══ INPUT FOR THIS TASK ══

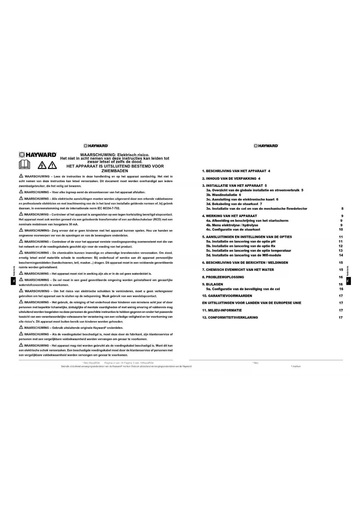 -onderdelen en -componenten bevatten. De garantie geldt niet voor schade die te wijten is aan vorst en chemicaliën. Alle andere kosten (transport, arbeidsloon, enz.) zijn uitgesloten van de garantie. HAYWARD kan niet aansprakelijk worden gesteld voor directe of indirecte schade die voortvloeit uit een verkeerde installatie, aansluiting of gebruik van het product. Om uw recht op garantie uit te oefenen en de reparatie of de vervanging van een product aan te vragen, moet u contact opnemen met uw leverancier. Geen enkel apparaat dat naar onze fabriek wordt teruggestuurd, zal worden aanvaard zonder onze voorafgaande schriftelijke toestemming. De garantie geldt niet voor slijtbare onderdelen. Het onderhoud van onderstaande slijtbare onderdelen van de zoutelektrolyse is nodig afhankelijk van hun geschatte levensduur: - Titaan cel: 8000 uur - Pakkingset (titaan cel, sondehouder): 2 jaar - Santoprene slang (peristaltische pomp) - Membraan (elektromagnetische pomp): 2 jaar - Sonde (pH, Rx, geleidbaarheid, vrij chloor): 1 jaar (garantie 6 maanden) Voorziening voor afgedankte elektrische en elektronische apparatuur van professionals. In overeenstemming met Richtlijn 2012/19/EU betreffende het beheer van afgedankte elektrische en elektronische apparatuur moet deze stuurkast naar een selectief inzamelpunt worden gebracht. ==> Voor meer informatie kunt u contact opnemen met uw distributeur. Goed beheer van elektrische en elektronische apparatuur helpt schade aan het milieu en de volksgezondheid te voorkomen. In overeenstemming met Verordening (EU) 2023/1542 van het Europees Parlement en de Raad van 12 juli 2023 inzake batterijen en afgedankte batterijen, tot wijziging van Richtlijn 2008/98/EG en Verordening (EU) 2019/2020 en tot intrekking van Richtlijn 2006/66/EG, geeft het symbool bij deze handleiding aan dat de in de stuurkast ingebouwde batterij apart moet worden ingezameld. Als de batterij het einde van zijn levensduur heeft bereikt, moet deze worden verwijderd en ingeleverd bij een selectief inzamelpunt. Op de vorige pagina ziet u hoe u de batterij vervangt. Dit product voldoet aan de volgende richtlijnen: - Laagspanningsrichtlijn 2014/35/EU, IEC 60335-1:2020, EN IEC 60335-1:2023+A11:2023, EN 62233:2008 + IPX4, - ECM-richtlijn 2014/30/EU, EN IEC55014-1:2021, EN IEC 55014-2:2021, EN IEC 61000-3-2:2019+A1:2021, EN 61000-3-3:2013+A1:2019+A2:2021+AC:2022-01. - RoHS 2011/65/EU - Wijziging (EU) 2015/863, Verordening (EU) 2024/1781 - WEEE. Overeenkomstig de EU-verordening 2023/988 inzake algemene productveiligheid, geeft Hayward
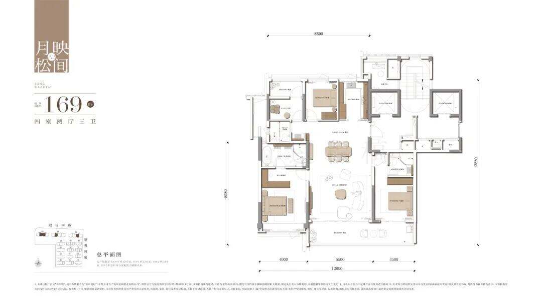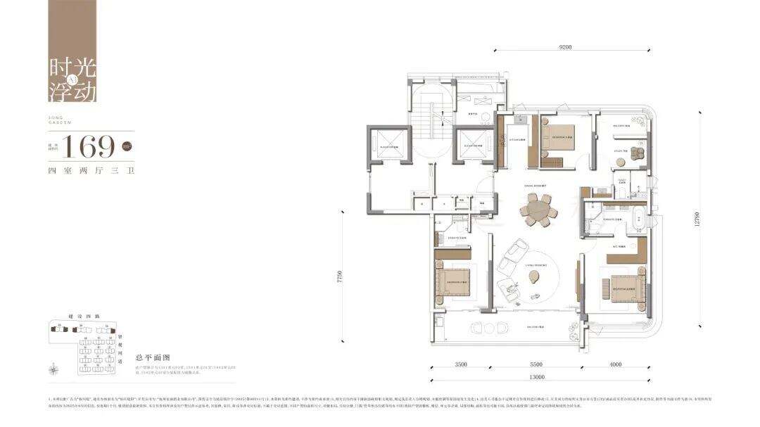 以建面约169㎡户型为例,通过飘窗不计面积等精细化设计,实际可得面积达到约152㎡,实得率接近90%。
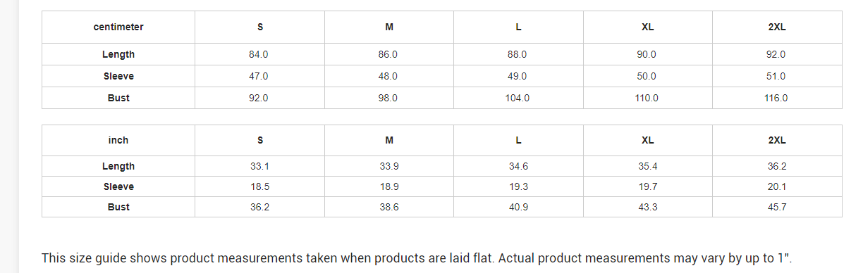centimeter S M L XL 2XL
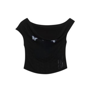 Off-Shoulder Thin Butterfly Print T-Shirt
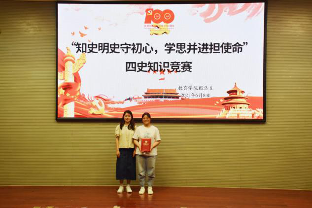 为扎实推进党史学习教育,凝聚广大青年接力学四史,真正达到“以赛促学、以学促用”的目的。近日,教育学院举行四史知识竞赛决赛,参赛选手由预赛期的554名青年经线上答题后,每班积分最高的前4人组成,共组建12支队伍。
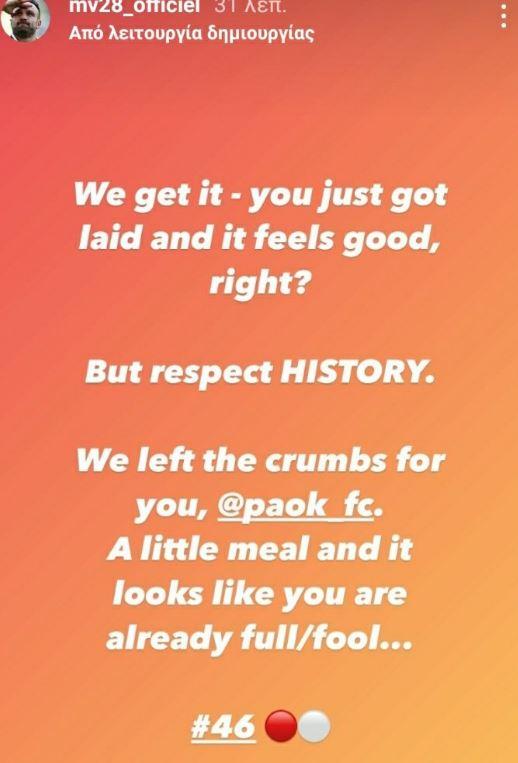 Ο Ματιέ Βαλμπουενά δεν άφησε ασχολίαστα τα όσα έγιναν και μέσω ίνσταγκραμ απάντησε με τον δικό του τρόπο, απευθυνόμενος στον ΠΑΟΚ: «Σεβαστείτε την ΙΣΤΟΡΙΑ. Αφήσαμε τα ψίχουλα για σένα, ΠΑΟΚ. Ένα μικρό γεύμα και μοιάζεις ήδη γεμάτος – βλάκας (full/fool)», ανέφερε μεταξύ άλλων ο Γάλλος μεσοεπιθετικός ως «απάντηση» στους ανθρώπους του ΠΑΟΚ (παίκτες και Πάμπλο Γκαρσία) που έσπευσαν να «επιτεθούν» σε Βαγγέλη Μαρινάκη και σύλλογο.
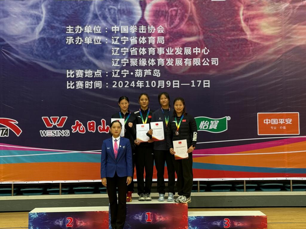 本网讯 日前,2024年全国女子拳击冠军赛在辽宁葫芦岛举行。我校教师刘飘飘以5:0的绝对优势,取得52-54公斤级冠军,我校学生田淑文获得66-70公斤级亚军,朱亚姝、齐昕宇分别取得第五名。
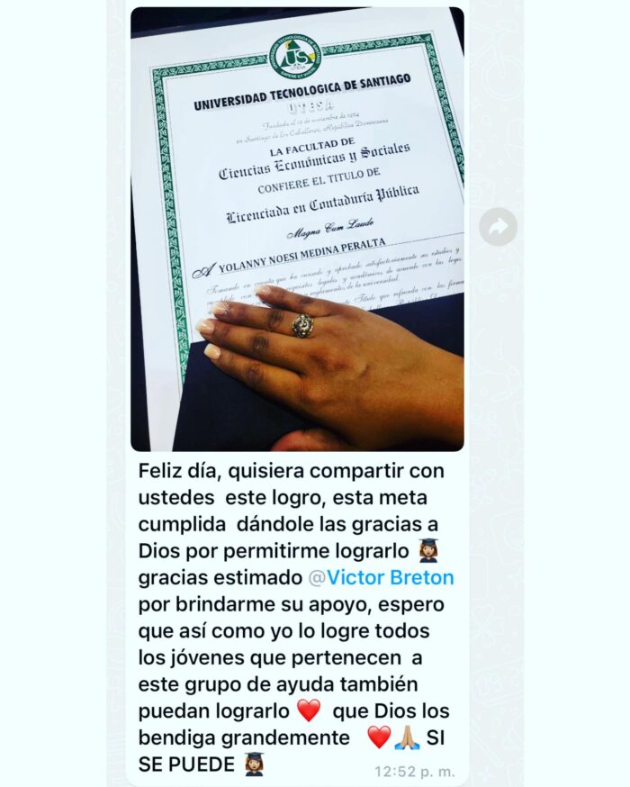 Nos llena de orgullo y alegría recibir el mensaje de una joven graduada, expresando su gratitud hacia el director distrital, el Lic. Víctor Breton, por la invaluable ayuda brindada.
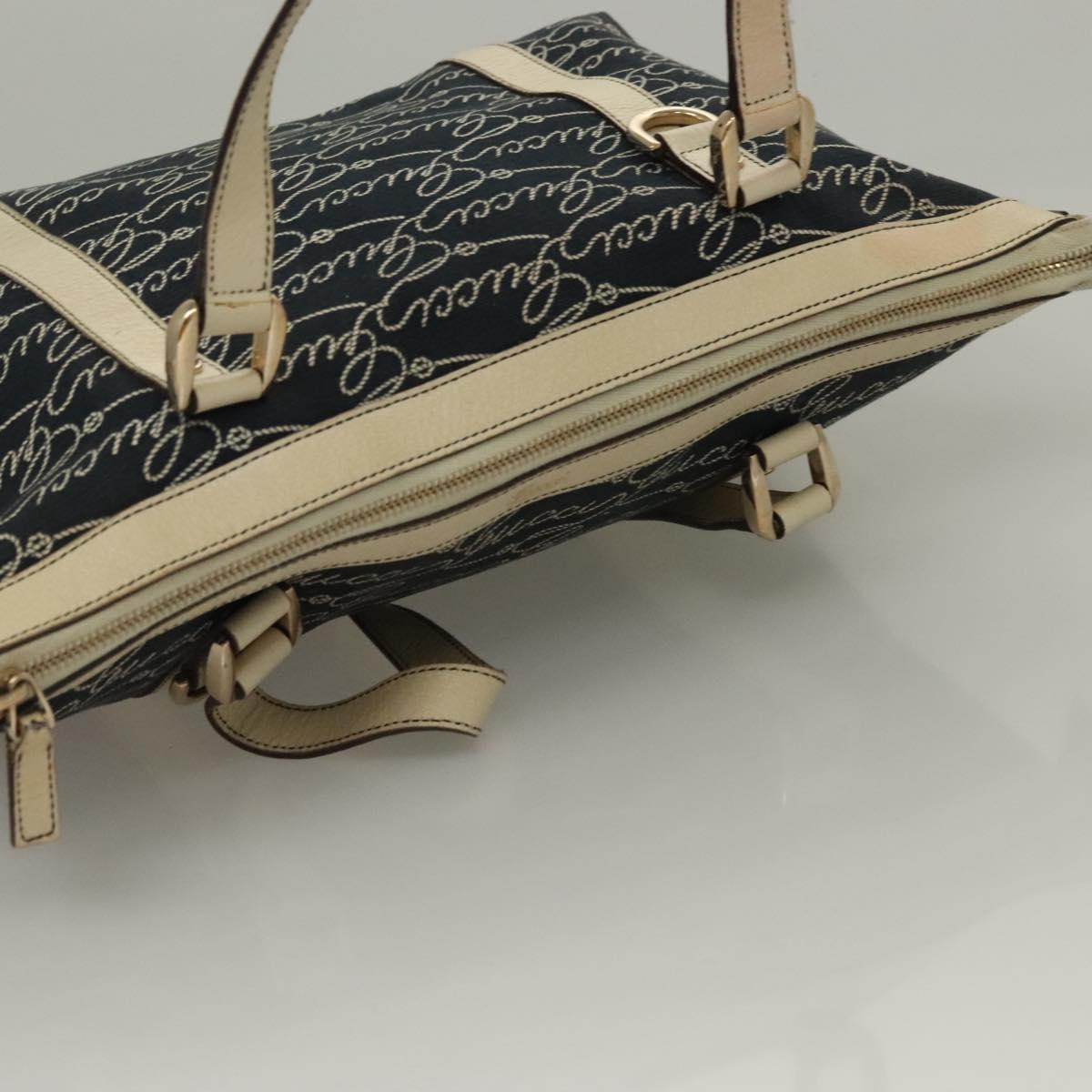 GUCCI Tote Bag Canvas Navy Gold 141470 Auth 133157
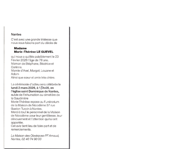 de Madame Marie-Thérèse LE GUÉVEL
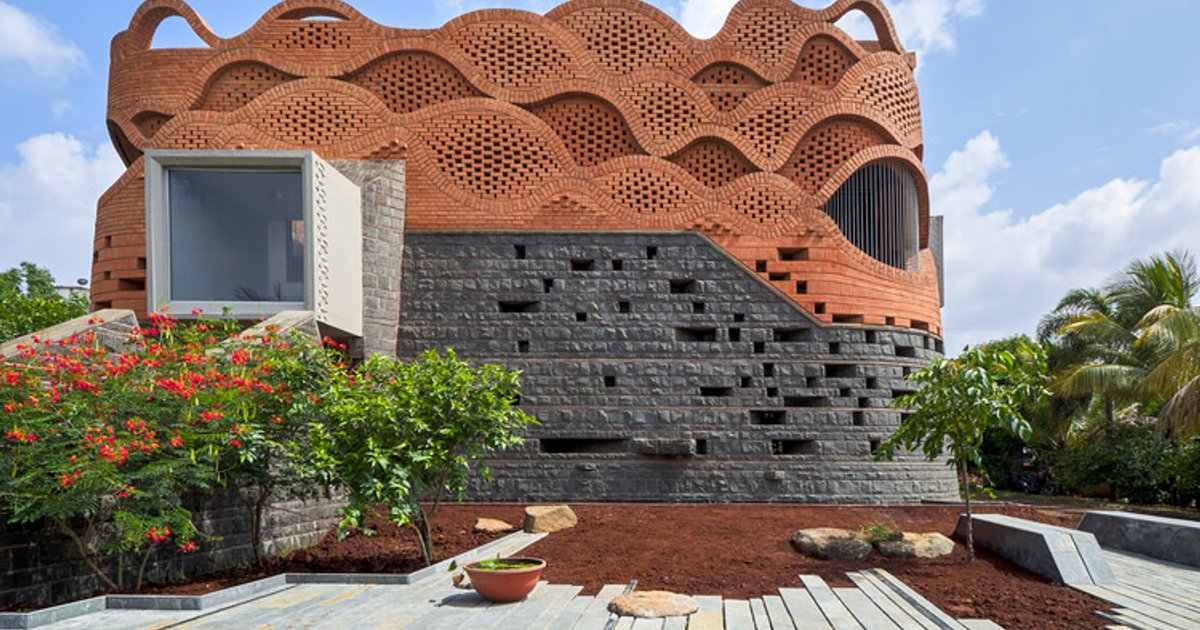 Openings in the lower stone bands are dictated by structural layering. Above them, brick evolves into a breathable honeycomb matrix — a jalis-like perforation system that allows light, wind, and shadow to animate the façade. From the distance, the house wears a crown of brick geometry, timeless yet strikingly contemporary.

═══

YOUR TASK =>
The copy should hold only the lines from the one with "Ο Ματιέ Βαλμπουενά" through the one with "de Madame Marie-Thérèse LE GUÉVEL", exactly as they stand above. Leave out the pictures.

WRITTEN SOLUTION =>
 Ο Ματιέ Βαλμπουενά δεν άφησε ασχολίαστα τα όσα έγιναν και μέσω ίνσταγκραμ απάντησε με τον δικό του τρόπο, απευθυνόμενος στον ΠΑΟΚ: «Σεβαστείτε την ΙΣΤΟΡΙΑ. Αφήσαμε τα ψίχουλα για σένα, ΠΑΟΚ. Ένα μικρό γεύμα και μοιάζεις ήδη γεμάτος – βλάκας (full/fool)», ανέφερε μεταξύ άλλων ο Γάλλος μεσοεπιθετικός ως «απάντηση» στους ανθρώπους του ΠΑΟΚ (παίκτες και Πάμπλο Γκαρσία) που έσπευσαν να «επιτεθούν» σε Βαγγέλη Μαρινάκη και σύλλογο.
 本网讯 日前,2024年全国女子拳击冠军赛在辽宁葫芦岛举行。我校教师刘飘飘以5:0的绝对优势,取得52-54公斤级冠军,我校学生田淑文获得66-70公斤级亚军,朱亚姝、齐昕宇分别取得第五名。
 Nos llena de orgullo y alegría recibir el mensaje de una joven graduada, expresando su gratitud hacia el director distrital, el Lic. Víctor Breton, por la invaluable ayuda brindada.
 GUCCI Tote Bag Canvas Navy Gold 141470 Auth 133157
 de Madame Marie-Thérèse LE GUÉVEL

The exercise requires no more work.